DNA shows ancient hunter had blue eyes, dark skin
Frank Jordans (AP) / 31 January 2014
A hunter-gatherer who lived in Europe some 7,000 years ago probably had blue eyes and dark skin, a combination that has largely disappeared from the continent in the millennia since, scientists said on Tuesday.
The discovery, published in the journal Nature this week, was made by scientists from the United States, Europe and Australia who analysed ancient DNA extracted from a male tooth found in a cave in northern Spain. “We have the stereotype that blue eyes are found only in light-skinned people, but that’s not necessarily the case,” lead researcher Carles Lalueza-Fox said in an interview on Tuesday with The Associated Press.
Lalueza-Fox, who works at the Institute of Evolutionary
Biology in Barcelona , Spain , said the man’s skin
would have been darker than most modern Europeans, while his eyes may have
resembled those of Scandinavians, his closest genetic relatives today. The combination
of blue eyes and dark skin, which is sometimes seen in people with mixed
European and African ancestry, may once have been common among ancient European
hunter-gatherers, he said.
The researchers also found the man had genes that indicated he
was poor at digesting milk and starch, an ability which only spread among
Europeans with the arrival of Neolithic farmers from the Middle East . The arrival of this
group was also believed to have introduced several diseases associated with
proximity to animals — and the genes that helped resist them.
But the hunter-gatherer whose remains were found in the La Brana
caves, near Spanish city of Leon , already had some
genes that would have helped him fight diseases such as measles, flu and
smallpox.
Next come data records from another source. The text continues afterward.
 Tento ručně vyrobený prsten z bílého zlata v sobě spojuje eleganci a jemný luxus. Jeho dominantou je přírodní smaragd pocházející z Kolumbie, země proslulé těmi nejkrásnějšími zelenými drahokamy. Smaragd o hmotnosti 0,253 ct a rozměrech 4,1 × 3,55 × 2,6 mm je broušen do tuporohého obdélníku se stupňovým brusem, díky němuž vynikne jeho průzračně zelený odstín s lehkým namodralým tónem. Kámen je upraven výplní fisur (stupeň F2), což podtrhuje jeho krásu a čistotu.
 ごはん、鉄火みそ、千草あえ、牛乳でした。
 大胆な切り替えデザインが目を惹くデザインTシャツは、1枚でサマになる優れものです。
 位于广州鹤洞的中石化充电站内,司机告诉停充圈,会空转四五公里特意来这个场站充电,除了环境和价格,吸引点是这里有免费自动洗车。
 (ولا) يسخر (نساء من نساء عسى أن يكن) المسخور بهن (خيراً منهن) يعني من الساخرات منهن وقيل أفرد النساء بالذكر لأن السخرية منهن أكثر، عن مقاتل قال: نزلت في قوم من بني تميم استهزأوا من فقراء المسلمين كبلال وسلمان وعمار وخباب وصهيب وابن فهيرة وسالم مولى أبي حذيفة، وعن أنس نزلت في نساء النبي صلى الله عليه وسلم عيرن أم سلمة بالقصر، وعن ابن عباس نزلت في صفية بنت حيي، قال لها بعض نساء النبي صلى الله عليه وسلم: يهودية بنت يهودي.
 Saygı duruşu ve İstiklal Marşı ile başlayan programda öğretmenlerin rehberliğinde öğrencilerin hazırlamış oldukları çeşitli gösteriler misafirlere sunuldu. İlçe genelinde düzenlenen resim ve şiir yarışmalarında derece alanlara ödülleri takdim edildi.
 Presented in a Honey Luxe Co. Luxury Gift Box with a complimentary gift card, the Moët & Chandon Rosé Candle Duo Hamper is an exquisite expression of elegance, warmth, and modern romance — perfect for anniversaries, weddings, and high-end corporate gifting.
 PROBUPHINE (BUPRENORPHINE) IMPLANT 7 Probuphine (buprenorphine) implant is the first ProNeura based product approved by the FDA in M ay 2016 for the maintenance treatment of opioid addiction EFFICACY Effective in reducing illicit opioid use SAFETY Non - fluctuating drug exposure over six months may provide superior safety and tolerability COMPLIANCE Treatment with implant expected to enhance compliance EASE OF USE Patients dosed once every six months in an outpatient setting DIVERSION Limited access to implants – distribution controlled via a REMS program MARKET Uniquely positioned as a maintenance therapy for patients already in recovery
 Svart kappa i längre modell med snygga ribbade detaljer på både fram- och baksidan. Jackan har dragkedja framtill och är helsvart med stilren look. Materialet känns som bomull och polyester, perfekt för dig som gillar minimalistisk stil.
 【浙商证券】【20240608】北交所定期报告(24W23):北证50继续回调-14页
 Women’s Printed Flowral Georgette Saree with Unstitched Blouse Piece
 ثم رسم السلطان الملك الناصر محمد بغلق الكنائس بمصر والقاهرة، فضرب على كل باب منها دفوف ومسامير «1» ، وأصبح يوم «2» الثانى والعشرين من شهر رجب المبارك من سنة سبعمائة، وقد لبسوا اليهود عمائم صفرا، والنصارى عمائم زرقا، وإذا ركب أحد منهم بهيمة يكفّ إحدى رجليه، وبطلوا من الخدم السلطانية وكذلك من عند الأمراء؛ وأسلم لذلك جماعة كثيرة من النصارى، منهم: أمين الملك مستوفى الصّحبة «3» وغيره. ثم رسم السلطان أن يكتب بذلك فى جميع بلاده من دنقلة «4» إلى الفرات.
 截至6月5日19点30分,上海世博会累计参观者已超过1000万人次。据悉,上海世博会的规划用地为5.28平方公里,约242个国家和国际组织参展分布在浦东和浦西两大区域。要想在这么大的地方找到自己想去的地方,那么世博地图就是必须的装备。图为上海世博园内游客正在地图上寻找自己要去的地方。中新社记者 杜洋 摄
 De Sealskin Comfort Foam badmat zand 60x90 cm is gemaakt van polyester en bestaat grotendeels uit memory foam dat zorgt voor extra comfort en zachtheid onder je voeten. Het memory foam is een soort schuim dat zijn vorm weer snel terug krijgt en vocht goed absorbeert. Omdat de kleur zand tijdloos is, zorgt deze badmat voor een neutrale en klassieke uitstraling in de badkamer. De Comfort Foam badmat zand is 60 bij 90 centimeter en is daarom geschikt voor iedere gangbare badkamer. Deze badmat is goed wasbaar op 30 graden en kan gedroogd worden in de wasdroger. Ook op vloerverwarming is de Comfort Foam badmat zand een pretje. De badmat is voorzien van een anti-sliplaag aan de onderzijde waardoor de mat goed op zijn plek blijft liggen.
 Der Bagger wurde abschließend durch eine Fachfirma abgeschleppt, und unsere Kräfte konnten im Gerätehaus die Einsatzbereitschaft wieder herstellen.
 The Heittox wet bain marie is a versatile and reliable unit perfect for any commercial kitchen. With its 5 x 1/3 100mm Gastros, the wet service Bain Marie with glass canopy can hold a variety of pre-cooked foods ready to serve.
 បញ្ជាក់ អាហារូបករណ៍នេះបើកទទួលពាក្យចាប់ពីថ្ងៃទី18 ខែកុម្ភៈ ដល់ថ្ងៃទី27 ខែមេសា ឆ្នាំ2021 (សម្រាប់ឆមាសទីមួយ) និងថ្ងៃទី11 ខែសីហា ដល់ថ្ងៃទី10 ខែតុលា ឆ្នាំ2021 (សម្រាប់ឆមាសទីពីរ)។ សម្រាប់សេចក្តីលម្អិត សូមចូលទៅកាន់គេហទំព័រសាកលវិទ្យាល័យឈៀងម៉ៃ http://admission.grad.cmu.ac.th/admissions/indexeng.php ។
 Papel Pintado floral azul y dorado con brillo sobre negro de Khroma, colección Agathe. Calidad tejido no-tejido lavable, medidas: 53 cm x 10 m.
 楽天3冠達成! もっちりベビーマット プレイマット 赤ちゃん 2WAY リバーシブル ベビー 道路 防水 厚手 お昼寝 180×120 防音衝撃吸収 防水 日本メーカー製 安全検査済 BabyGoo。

This came as a surprise to researchers, indicating that the genetic
transition was already under way 7,000 years ago, Lalueza-Fox said.
The lack of such genes among pre-Columbian populations in the Americas was one of the
reasons they were so susceptible to these diseases when the Europeans arrived.
Researchers are hoping to make further discoveries from a second
skeleton found at the site, said Lalueza-Fox.
Beth Shapiro, an associate professor of ecology and evolutionary
biology at the University of California Santa Cruz , said the paper
showed how old DNA could be used to learn more about the appearance and traits
of ancient populations.
“I anticipate that this is just the beginning and am excited to
see these sorts of
analyses taking place,” said Shapiro, who wasn’t involved in the study. “I look
forward to what else we will learn once we have population samples of
paleogenomes (ancient DNA).”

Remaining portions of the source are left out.